Selahattin Demirtaş ve Mithat Sancar’ın cumhurbaşkanlığı seçimlerinde ortak aday niyetine açık olduklarını açıklamaları hayli kıymetlidir. TBMM’de temsil edilen bir Türkiye partisi olarak ülkenin içinde bulunduğu ekonomik krizden, siyasal krizden, iktidar eliyle yürütülen kutuplaştırma siyasetinden, demokratik gerilemeden ve yargı bağımsızlığına düşürülen gölgeden etkilenen toplumsal kümelerin temsilcileridir. Bu nedenle içinde yer almamakla birlikte altılı masanın savunduğu yarının Türkiye’si mefkuresine ve Türkiye’nin yine demokratik hukuk devleti unsurlarına geri döndürülmesi fikrine uzak olduklarını düşünmek mümkün değildir.
Siyasi yasaklı olması nedeniyle Cumhurbaşkanlığı adaylığı hukuken mümkün olmayan Selahattin Demirtaş, 4 Temmuz 2022 tarihinde T24’de yayınlanan yazısında, “Altılı masa ile HDP ortasındaki işbirliğinin önündeki en büyük pürüzler olarak iktidarın ürettiği algıları ve muhalefetin bu algılara cesaretli bir değişim atılımıyla karşılık verememesi”ni göstermişti. Bu istikamette HDP’nin bir Türkiye açılımı yapmasını, özgüvenli bir halde tüm Türkiye’yi kucaklaması gerektiğini belirtmişti. HDP Eş Genel Lideri Mithat Sancar da “müzakere ile açık diyalog ve mutabakatla ortak aday fikrine açık olduklarını” duyurmuştu. Her iki açıklamayı dikkate aldığımızda aşikâr adaylık şartlarının sağlanması halinde ortak adaya oy verilebileceği ima ediliyor. Kamuoyuna yansıyan haberlerden izleyebildiğim kadarıyla HDP cephesinde Kılıçdaroğlu yahut İmamoğlu’nun adaylığı konusunda bir tartışma bulunmuyor. HDP cephesinde Yavaş yahut Akşener’in mümkün adaylığına karşı bir direnç bulunuyor.

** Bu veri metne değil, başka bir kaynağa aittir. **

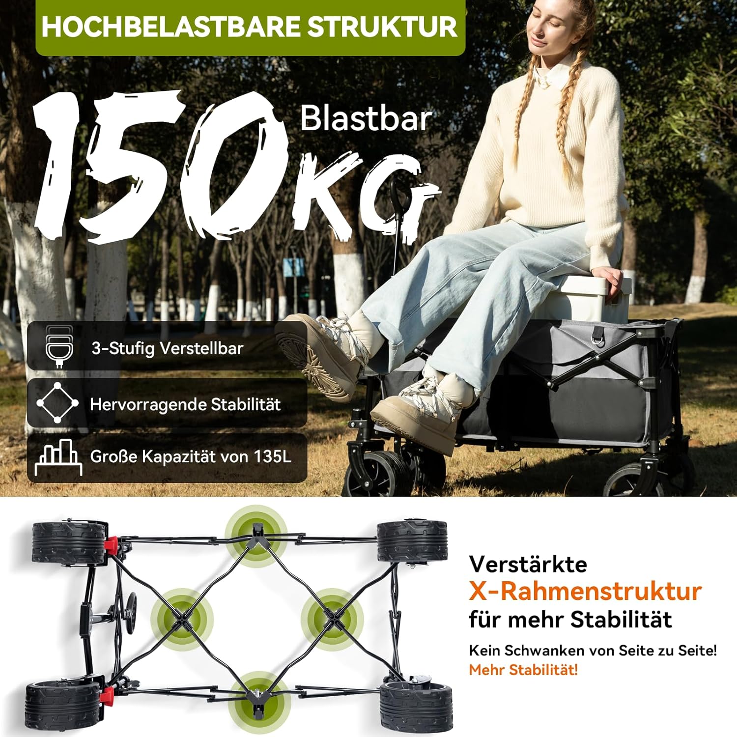 HIKENTURE Handcart Foldable 135 L – Der zuverlässige Begleiter für Familie, Freizeit und Alltag

Altılı masa bileşenleri tarafından HDP tabanın direnç göstereceği bir adayın belirlenmesi durumunda, HDP’nin kendi adayıyla seçime gitmesi cumhurbaşkanlığı seçimlerinin birinci tıpta kazanılmasını zora sokabilir. Bilhassa belirtmek gerekir ki, HDP’nin kendi adayını çıkarması durumunda Cumhur İttifakı adayı olarak Erdoğan’ın da kazanması da garanti olmayacaktır. Çünkü mevcut ekonomik ve siyasal şartlar altında seçmen dağılımı 2018’dekinden çok farklı olacaktır. Lakin bu noktada HDP’li siyasetçilere yönelik baskı ve HDP’nin kapatılması kartını cebinde tutan ve ortada masaya getiren iktidarın bundan ne üzere bir siyasal çıkar peşinde olduğunu HDP’nin çok uygun tahlil etmesi gerekir.

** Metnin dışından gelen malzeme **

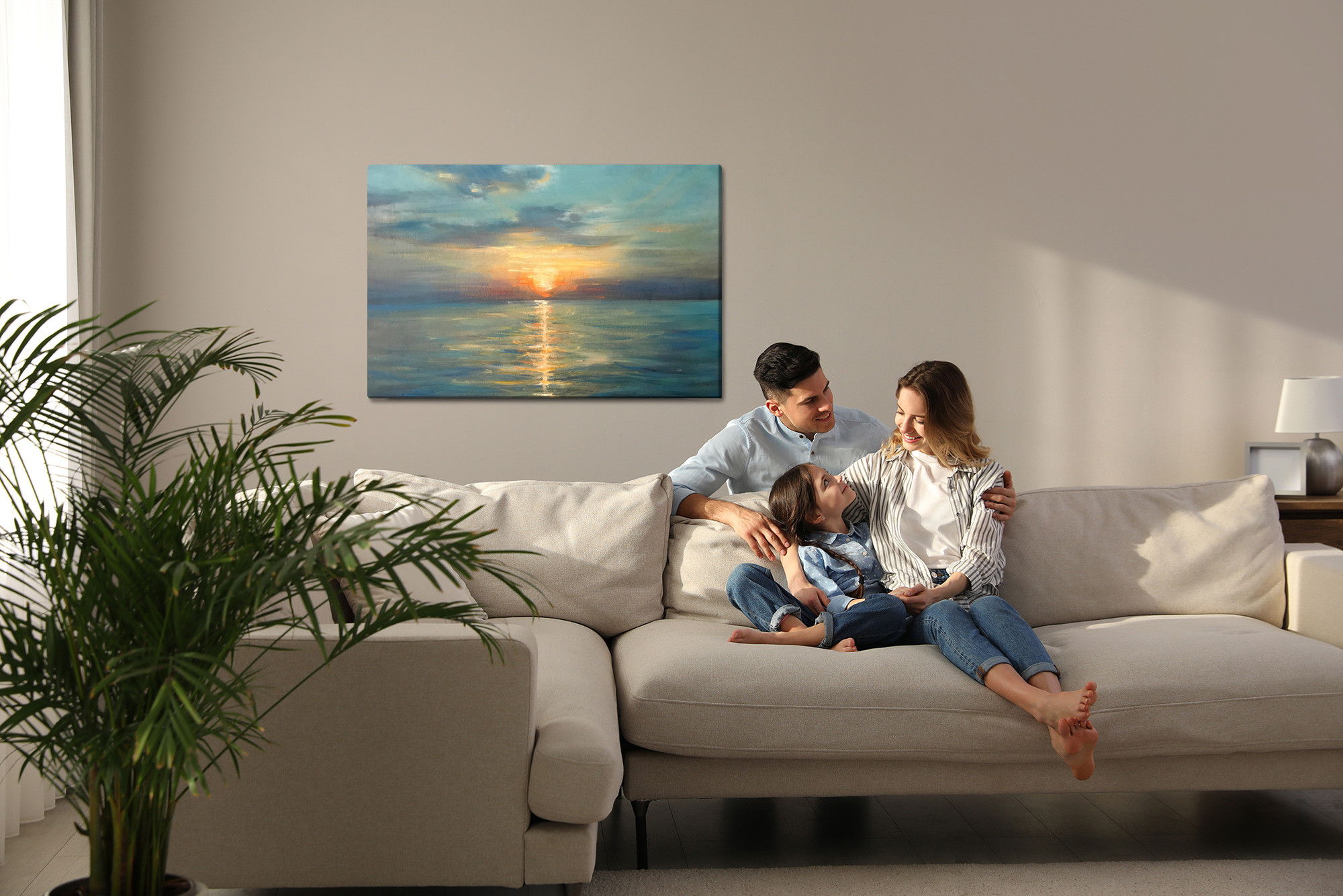 Varje tavla monteras på en massiv fururam. Format upp till 70×50 cm har en ram på 15 mm, medan format från 90×60 cm och uppåt har en ram på 20 mm. Den exakta dukspänningen gör att tavlan håller sin form över tid. Motivet Picturesque sunset by the sea trycks runt hela ramen vilket ger ett stilrent galleriuttryck där tavlan är lika vacker från sidan som framifrån. Kombinationen av rak dukspänning, rena linjer och korrekt tryck ger en professionell finish.

Muhalefete düşen misyon, iktidarın yarattığı algıyı aşarak Türkiye’de demokrasinin yine kurgulanması sürecinde HDP’nin TBMM bileşenlerinden biri olduğunu kabul ederek diyalog kanallarını açması ve önceliğin demokrasiye geri dönüşe verilmesidir.